When we put our eyes on God literally and figuratively, we will as a result gain the vision our loving Father has for us minimizing any distractions, but we also can see rising distractions exactly as they are and be fully prepared to address or dismiss them as appropriate. This will permit us to live in the moment, leave the past in the past and welcome the future gracefully and never in a hurry, and allow us to smell the roses. 


Wednesday, December 30, 2009

You are going to do something great

I had a little difficulty writing this post. I have never shared this with anyone but my wife, and for those of you who know me, you'll understand why.

I am not one to tout myself and toot my own horn. In fact, that is an inherent weakness of mine in the business world as I don't concern myself with telling the boss what I am up to. Rather, I focus on the tasks he gave me and completing them. I abhore the person who is constantly trying to be the center of attention, telling everyone how great they are and what they are doing. Consequently, I do not care for subordinates who do the same, and have no place for them.

This is all about a conversation I had several years ago with a widow, and her comment has haunted me ever since. She was waiting for her vehicle to be finished in the service department, as was I and we started talking about something. What it was I cannot remember, but it was a warm, deep and thought provoking conversation. I do recall her mentioning her husband had died recently, and though she missed him, knew he was in a better place. I remember her face like it was yesterday- thin, middle-aged woman, short short hair with some gray in it. She was a beautiful, elegant lady with an aire of sophistication and perhaps aristocracy.

The bottom line, she was a magnificent lady, and I remember thinking to myself what a shame, at her early age, to have experienced the loss of her beloved husband.

At any rate, something happened that day in our conversation. After a few minutes, and after the discussions became deep and more meaningful, she paused, looking me in the eyes and said "You are going to do something great someday".

I thanked her for her kindness and time, and left. But her words did not sink in until later.

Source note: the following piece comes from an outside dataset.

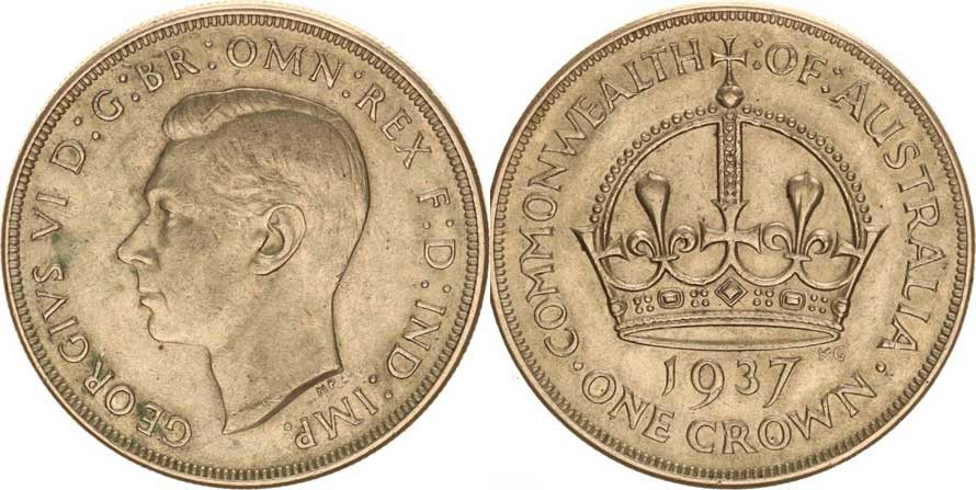Austrálie, George VI. (1936-1952), 1 Crown 1937 KM 34 Ag 925 28,28 g

"You are going to do something great someday".

What did she see in me? What did she hear that prompted her to say that to a complete stranger after only a few minutes? At first I was complimented, but it soon turned to a dull echo in my head, sometimes consuming me as I struggled for an answer.

When I was very young, my grandfather took my hands and said "Those are the hands of a ball-player".

As it turned out, that was prophetic. I was gifted in baseball, though my grandpa never had the chance to see me play. I know he would have been proud.

It was in this context that this ladies' words affected me deeply. I had heard it before and it was prophetic, albeit from a relative.

The challenge is, has been and will be to determine what is in store for me, what is God's plan for me. I have had a servant's heart all my life. In fact, when I was 12, I made up my mind I wanted to serve my country as an officer in the military as my father had done, and the only other things that attracted me were similar missions- FBI, fire department, State Police. I hunger to make a difference, and that is something I have missed since I left medical sales. The ability to positively affect people in my profession.

So now what? Am I to run for a public office? Start a charitable organization or support one? Adopt foster children? I don't know, but I pray God to reveal to me what He would have me to do.

What about you? Are you doing God's work? Or are you resisting Him living for yourself and the moment? Nothing is sweeter than being in the blessings of the Lord, knowing you are a good child and faithful servant. In this capacity, you are a powerful witness for God. I pray you are there too.